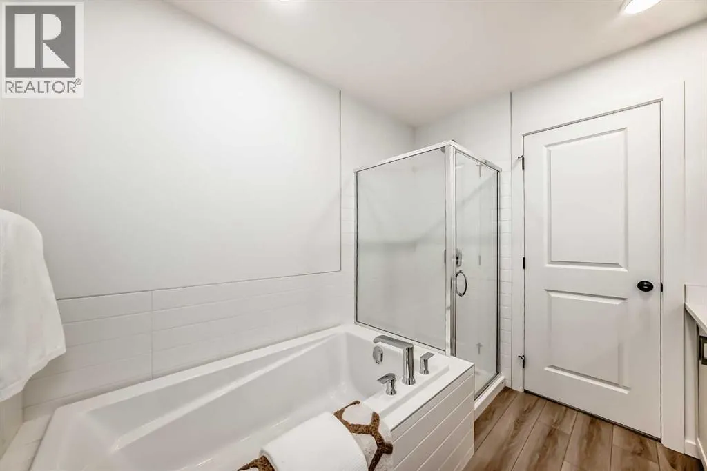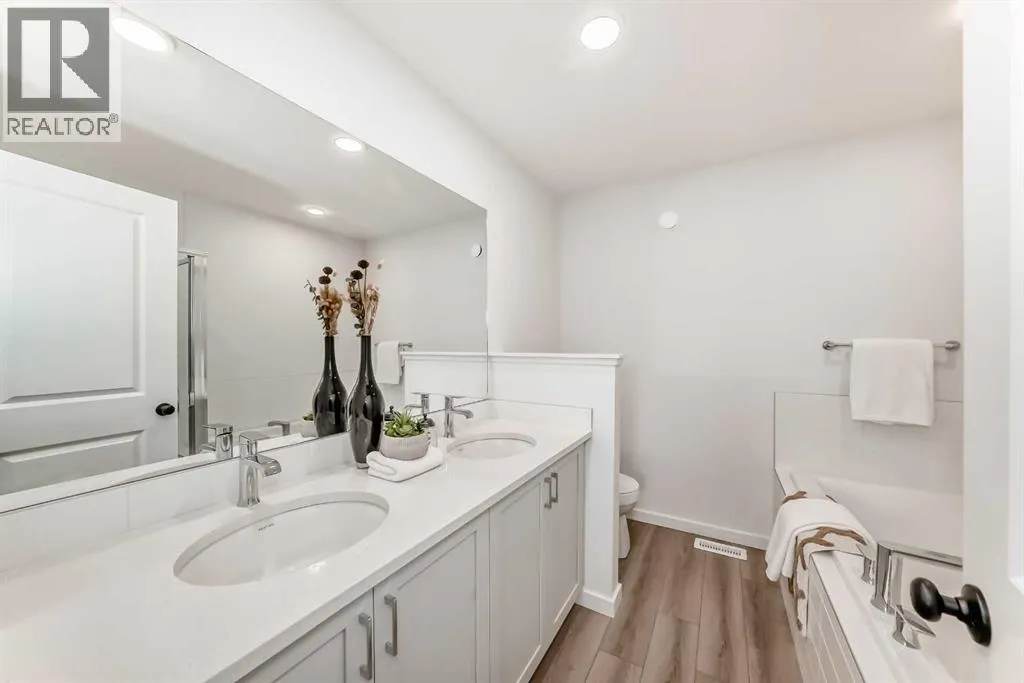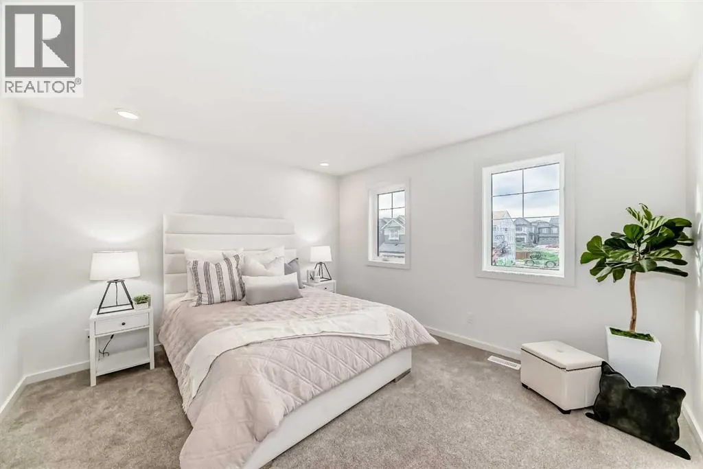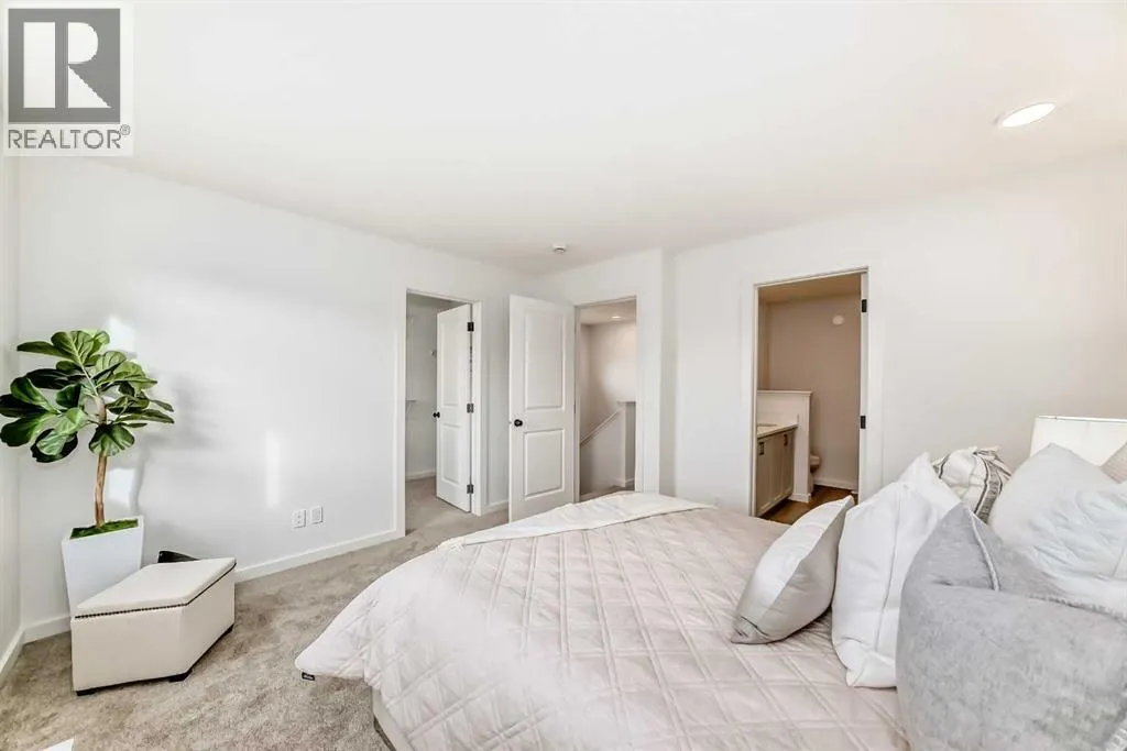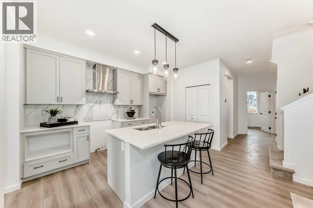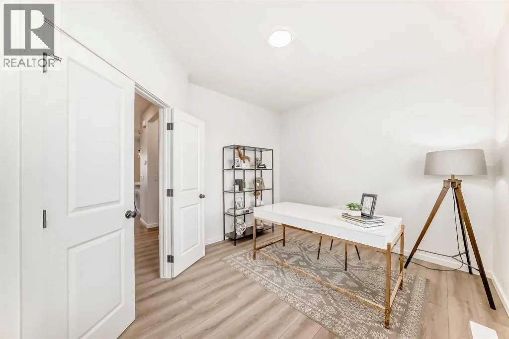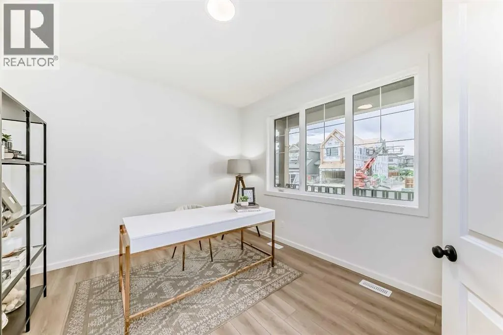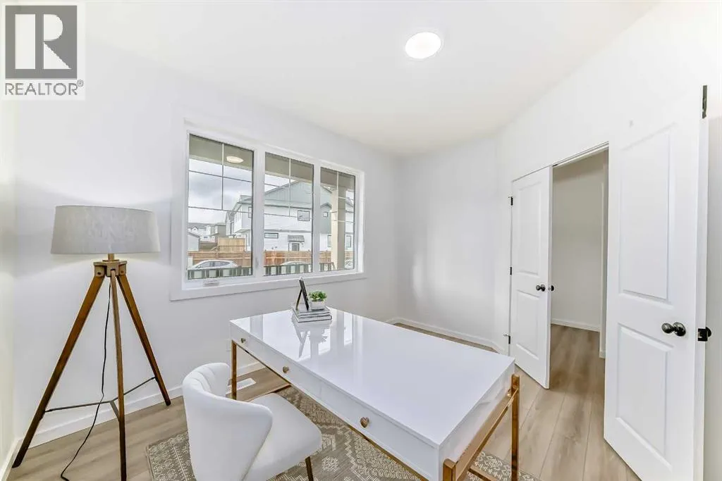 STARLING HAS BEEN QUIETLY BUILDING A REPUTATIONâfor calm streets, thoughtful design, and a nature-forward rhythm that buyers notice the moment they arrive. This home leans right into that energy. The WIDE FRONT PORCH sets a grounded first impression, and inside, natural light moves through the main floor with the kind of ease that makes the whole space feel instantly welcoming. Warm LVP, 9' CEILINGS, and a clean, modern palette work together to create that subtle âthis feels rightâ moment you feel as soon as you walk in.And then thereâs the FLEX ROOM.Framed with FRENCH DOORS and positioned with just enough separation from the main living spaces, itâs the RARE MAIN-FLOOR ROOM that feels truly intentionalânot a leftover corner repurposed as an âoffice,â but a space with presence. It becomes whatever your life needs most: a polished workspace, a creative zone, a reading retreat, or simply a quiet room with a door when the rest of the house is in motion.The kitchen continues that thoughtful rhythm: QUARTZ COUNTERS, 42" UPPERS that keep the lines crisp, a CHIMNEY HOOD FAN that anchors the design, and storage placed exactly where real routines land. The SEPARATE SIDE ENTRY adds smart flexibilityâpractical now, and perfectly positioned for whatever plans come later.Upstairs, the layout stays calm and well-proportioned. Bedrooms sit where they should, offering both connection and privacy, and the upper laundry room keeps daily life where it actually happens. The primary ensuite is the unexpected luxury in this footprint: A SOAKER TUB, A TILE-AND-GLASS SHOWER, AND A DUAL-SINK VANITYâa trio rarely found together in homes this size, and one that quietly transforms both mornings and evenings.Outside, the REVERSE-PIE LOT is a meaningful advantage. It gives you a LARGER FRONT YARD AND A GENEROUS SIDE YARD, creating more breathing room, more natural light, and a sense of separation thatâs uncommon in new communities. The off-street parking pad off the paved lane provides easy parking right at homeâno street shuffle required. Add the REAR DECK with its BBQ gas line, front sod already in place, and 200-amp electrical service, and the long-term livability becomes clear.Set within steps of Starlingâs PATHWAY NETWORK and nature-first streetscape, this is a home that blends light, flow, and flexibility with quiet confidence.BOOK A SHOWING and come see how naturally it fits the way you live. ⢠PLEASE NOTE: Kitchen appliances are included, and will be installed prior to possession. (id:27476)
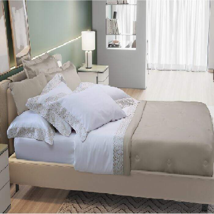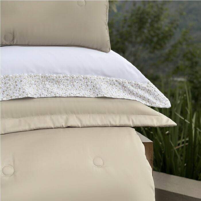 Descrição Cobreleito Milos 300 Fios Bege Solteiro 2pç - Marken Fassi
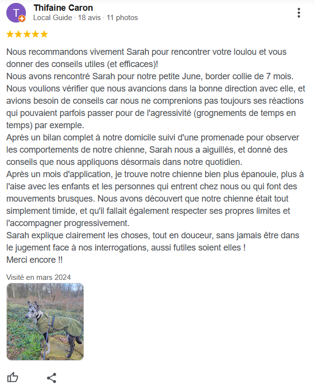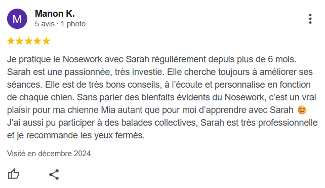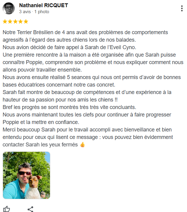 Attention, bilan individuel obligatoire avant l’intégration à ces balades. Si le chien présente des problématiques liés aux congénères, un suivi individuel peut être requis. C’est ce qui me permet de constituer des groupes de chiens pertinents pour tout le monde.
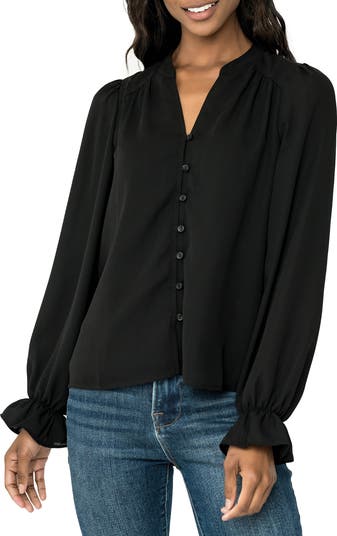 This picture-of-polish blouse is designed with puffed shoulders and flouncy ruffled cuffs.
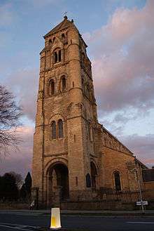 The church is built in ashlar magnesian limestone and has a green slate roof in the Romanesque style. There is a seven bay aisled nave and chancel with small east Lady Chapel and a five-stage west tower with buttresses to the fourth stage. At the southwest corner of the tower there is a square stair-turret which becomes cylindrical after the second stage and has a conical roof above the fifth stage. The base of the tower is open to the first stage and has round arches on three sides. The tower has a pyramidal ashlar roof with a finial. The vestry is on the north side and on the south side there is a chapel.[1]
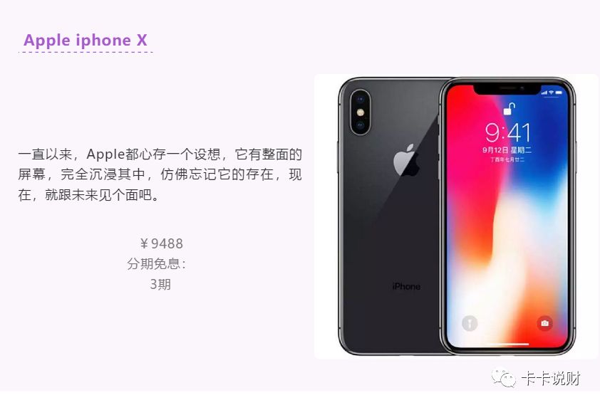 就拿公众号主推的产品之一——iPhone X来看,9488的价格就高出京东一大截。
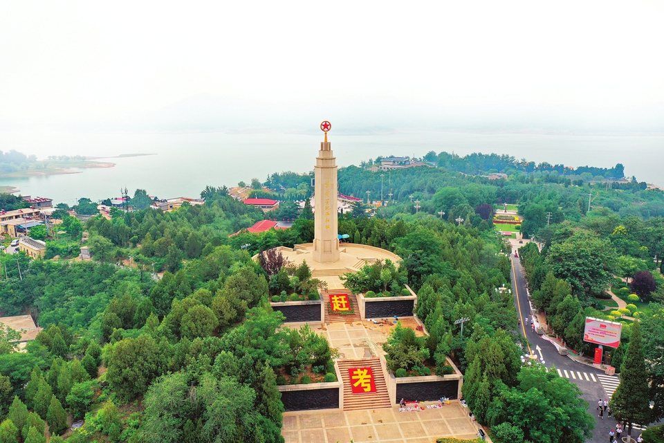 这是6月13日拍摄的河北省平山县西柏坡纪念塔(无人机照片)。 新华社记者 牟宇摄
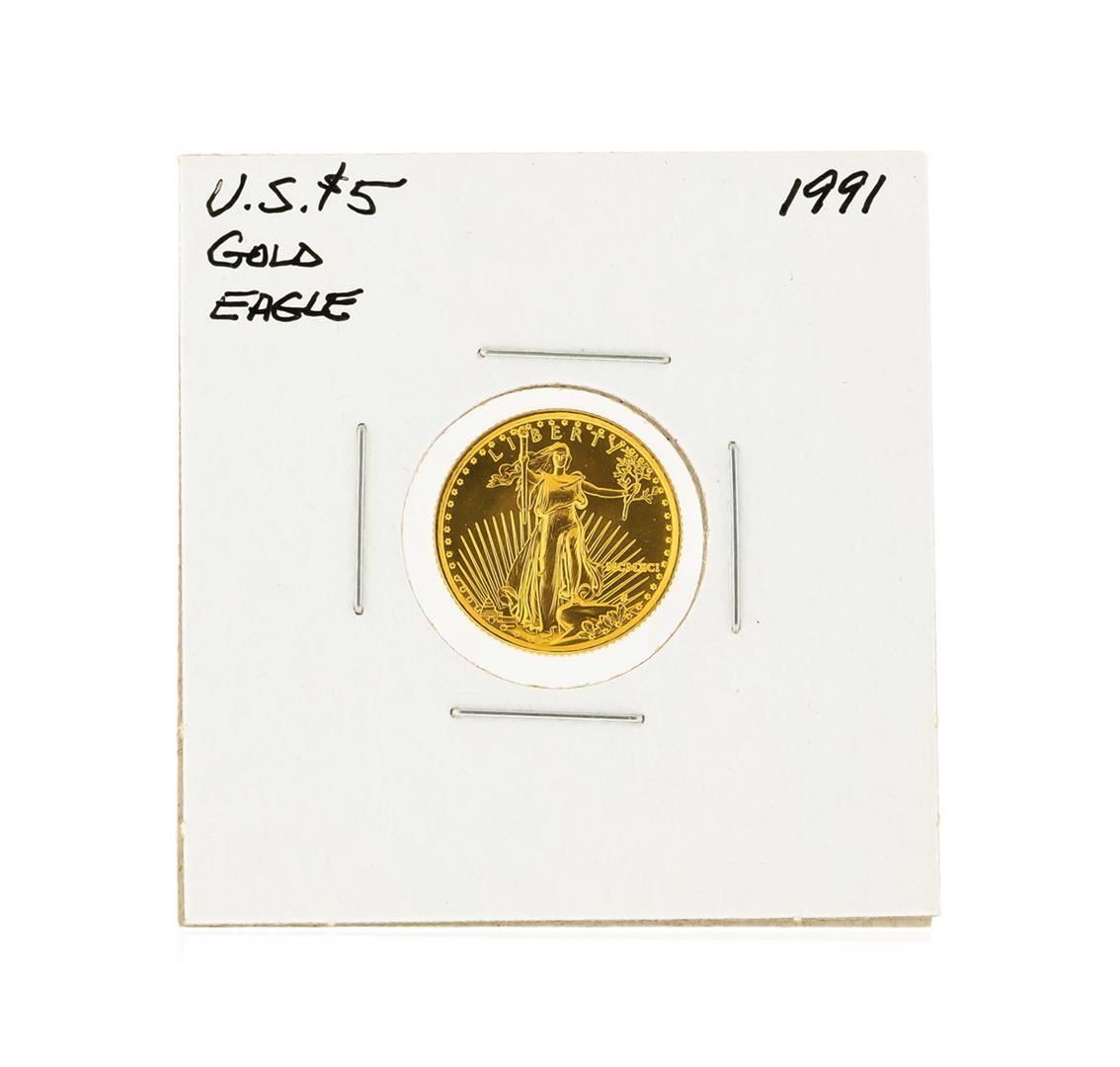 One 1991 1/10 oz. $5 Gold American Eagle Coin.
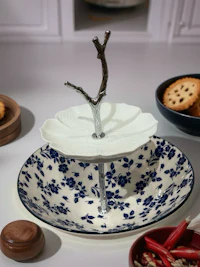 Blue and White Ceramic Bowl. 8 in.

- About this task
When you reach the line containing "Descrição Cobreleito Milos" in the listing above, reproduce it and every line after it through the last, exactly; omit the pictures.

- Answer area
 Descrição Cobreleito Milos 300 Fios Bege Solteiro 2pç - Marken Fassi
 Attention, bilan individuel obligatoire avant l’intégration à ces balades. Si le chien présente des problématiques liés aux congénères, un suivi individuel peut être requis. C’est ce qui me permet de constituer des groupes de chiens pertinents pour tout le monde.
 This picture-of-polish blouse is designed with puffed shoulders and flouncy ruffled cuffs.
 The church is built in ashlar magnesian limestone and has a green slate roof in the Romanesque style. There is a seven bay aisled nave and chancel with small east Lady Chapel and a five-stage west tower with buttresses to the fourth stage. At the southwest corner of the tower there is a square stair-turret which becomes cylindrical after the second stage and has a conical roof above the fifth stage. The base of the tower is open to the first stage and has round arches on three sides. The tower has a pyramidal ashlar roof with a finial. The vestry is on the north side and on the south side there is a chapel.[1]
 就拿公众号主推的产品之一——iPhone X来看,9488的价格就高出京东一大截。
 这是6月13日拍摄的河北省平山县西柏坡纪念塔(无人机照片)。 新华社记者 牟宇摄
 One 1991 1/10 oz. $5 Gold American Eagle Coin.
 Blue and White Ceramic Bowl. 8 in.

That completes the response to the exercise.